I'd like to show that the conditional entropy $H(Y|X)$ is zero when $Y$ is deterministically determined by $X$ (i.e., $Y=f(X)$) and $X$ is continuous random variable.
This claim is easy to prove when $X$ is a discrete r.v., but I feel kind of clueless for continuous r.v. $X$.
Should I approach with Dirac delta function? I can have the below $$ H(Y|X) = \int_x p(x) \int_y p(y|x) \log p(y|x) dydx = \int_x p(x) \int_y \delta_{f(x)}(y) \log \delta_{f(x)}(y) dy dx $$ But from here, I am stuck.
There is a bunch of stuff going on here.
First: the entropy definition for discrete rv's does not apply for continuous rv's.

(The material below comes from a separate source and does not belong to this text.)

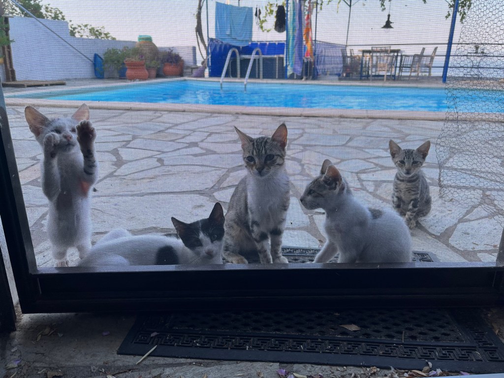 Trogdor går sine egne veje og holder sig mest for sig selv, Ghost der gerne vil lege med de små og ellers er blid, og så de tre små; Olaf, der er den første på skødet når muligheden byder sig, Simba en lille spirevip som altid vil lege og Cookie der helst laver rav i den hver gang de andre leger eller sover.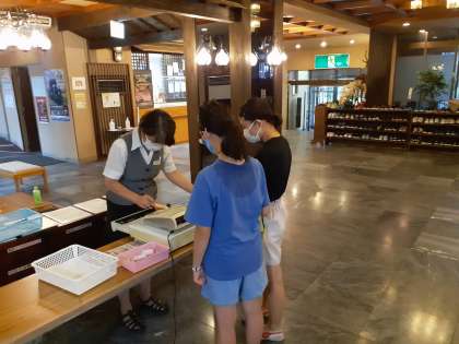 宿舎に帰ってきて、お土産を買いました。何にしようか、考えたり相談したりしながら購入していました。

Instead, you can use the differential entropy $h(X)$ which is defined for continuous r.v.'s: $$h(X)=-\int_{\mathcal{X}}f_X(x)\log\big(f_X(x)\big)\,dx\,,$$ with $\mathcal{X}$ being the support of $X$ and $f_X(x)$ the PDF of $X$.
In the same way, the differential conditional entropy $h(Y|X)$ is given by $$h(X|Y)=-\int_{\mathcal{X,Y}}f_{XY}(x,y)\log\big(f_{X|Y}(x|y)\big)\,dxdy=h(X,Y)-h(Y)$$ with the corresponding definitions of support, joint PDF and conditional PDF. These are also used to define mutual information of continuous r.v.'s.
Also, note that differential entropy can be negative (because PDFs can be larger than 1), and that varies with scale.
Second, the conditional differential entropy $h(g(X)|X)$ is not necessarily zero. Thus, the statement you are trying to prove is not true. See this MSE question for a better exposition and discussion. Hope this helps!